# First View of the Audi Q7



## [email protected] (Apr 9, 2004)

Audi’s extended rollout of the Q7 to market, their first ever SUV, has hardly been typical for the Ingolstadt-based German luxury carmaker. The company has introduced new models like this before – first as a concept car, so the Pikes Peak concept that debuted at Detroit in 2003 may not have been too far out from the company norm. However, momentum really began again in earnest at last Fall’s Paris Auto Show when Audi announced it would name the new SUV the “Q7”. Since then, there’ve been several quick teases with the press, notably at Audi’s “quattro Night” this past March and another meeting with Dr. Winterkorn and the Q7 during a dinner at the company’s Simi Valley design studio.
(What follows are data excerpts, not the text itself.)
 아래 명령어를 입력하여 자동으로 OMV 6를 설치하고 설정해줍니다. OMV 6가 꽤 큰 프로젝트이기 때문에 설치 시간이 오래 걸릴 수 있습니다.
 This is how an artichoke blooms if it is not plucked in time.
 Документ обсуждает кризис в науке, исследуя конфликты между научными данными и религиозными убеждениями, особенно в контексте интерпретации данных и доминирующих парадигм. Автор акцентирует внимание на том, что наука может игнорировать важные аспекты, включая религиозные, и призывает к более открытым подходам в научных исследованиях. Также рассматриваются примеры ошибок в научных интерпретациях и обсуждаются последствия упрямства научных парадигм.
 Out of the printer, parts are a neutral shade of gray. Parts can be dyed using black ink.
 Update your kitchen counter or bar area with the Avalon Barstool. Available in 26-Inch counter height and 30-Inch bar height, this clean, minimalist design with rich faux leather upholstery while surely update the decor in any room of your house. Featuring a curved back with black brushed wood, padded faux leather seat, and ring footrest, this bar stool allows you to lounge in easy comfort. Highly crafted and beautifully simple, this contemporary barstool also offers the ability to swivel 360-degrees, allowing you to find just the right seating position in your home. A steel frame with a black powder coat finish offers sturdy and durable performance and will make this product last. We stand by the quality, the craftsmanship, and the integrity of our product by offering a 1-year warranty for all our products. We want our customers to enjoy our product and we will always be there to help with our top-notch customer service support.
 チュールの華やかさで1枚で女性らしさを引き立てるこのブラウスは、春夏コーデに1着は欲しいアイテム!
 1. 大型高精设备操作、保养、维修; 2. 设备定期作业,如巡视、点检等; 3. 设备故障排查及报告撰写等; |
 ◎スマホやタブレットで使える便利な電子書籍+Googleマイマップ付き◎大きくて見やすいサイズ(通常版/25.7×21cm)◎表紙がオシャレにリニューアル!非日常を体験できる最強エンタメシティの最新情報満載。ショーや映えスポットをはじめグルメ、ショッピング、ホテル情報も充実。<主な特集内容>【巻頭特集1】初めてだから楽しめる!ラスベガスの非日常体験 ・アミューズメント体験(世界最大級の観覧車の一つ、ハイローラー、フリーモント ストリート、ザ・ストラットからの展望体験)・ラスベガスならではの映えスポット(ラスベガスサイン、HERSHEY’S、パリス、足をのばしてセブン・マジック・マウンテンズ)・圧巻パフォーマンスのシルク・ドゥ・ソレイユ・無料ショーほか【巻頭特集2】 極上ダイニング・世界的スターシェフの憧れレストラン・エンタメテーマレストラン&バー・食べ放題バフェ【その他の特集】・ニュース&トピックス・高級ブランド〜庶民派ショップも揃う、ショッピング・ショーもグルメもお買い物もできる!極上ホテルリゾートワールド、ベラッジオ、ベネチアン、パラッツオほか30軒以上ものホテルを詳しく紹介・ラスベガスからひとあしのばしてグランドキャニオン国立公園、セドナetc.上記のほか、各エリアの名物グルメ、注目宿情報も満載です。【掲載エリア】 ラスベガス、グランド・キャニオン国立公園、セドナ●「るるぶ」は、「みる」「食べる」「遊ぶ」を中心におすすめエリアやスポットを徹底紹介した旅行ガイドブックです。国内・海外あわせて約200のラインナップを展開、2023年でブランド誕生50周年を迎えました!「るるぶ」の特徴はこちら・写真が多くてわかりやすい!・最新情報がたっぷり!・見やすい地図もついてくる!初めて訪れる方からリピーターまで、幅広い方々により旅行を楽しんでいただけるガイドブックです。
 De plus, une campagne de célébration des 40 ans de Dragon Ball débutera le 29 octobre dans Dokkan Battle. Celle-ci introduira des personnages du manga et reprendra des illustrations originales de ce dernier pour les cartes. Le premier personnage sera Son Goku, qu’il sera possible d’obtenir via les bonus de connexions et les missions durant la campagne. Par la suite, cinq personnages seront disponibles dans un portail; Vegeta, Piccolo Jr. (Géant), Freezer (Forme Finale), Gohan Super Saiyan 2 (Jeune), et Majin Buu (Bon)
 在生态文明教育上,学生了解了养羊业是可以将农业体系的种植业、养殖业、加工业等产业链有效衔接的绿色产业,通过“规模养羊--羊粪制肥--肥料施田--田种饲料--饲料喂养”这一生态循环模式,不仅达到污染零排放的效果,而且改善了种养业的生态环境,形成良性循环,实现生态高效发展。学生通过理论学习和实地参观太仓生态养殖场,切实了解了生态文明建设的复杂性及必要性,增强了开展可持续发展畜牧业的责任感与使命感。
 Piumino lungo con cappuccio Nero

We also got a recent look at the SUV at an undisclosed location where we were unable to take photos, but were welcome to ask questions and walk around a mockup of the production version.
* Full Story *


----------



## Son (Aug 10, 2000)

*Re: First View of the Audi Q7 ([email protected])*

Wow, first new Audi I'm afraid I won't like.







The allroad quattro, however, was cool, IMO.


----------



## AudiVwMeister (Oct 22, 2002)

*Re: First View of the Audi Q7 (Son of a B...5er!)*

hope its just the camo thats throwing me off.


----------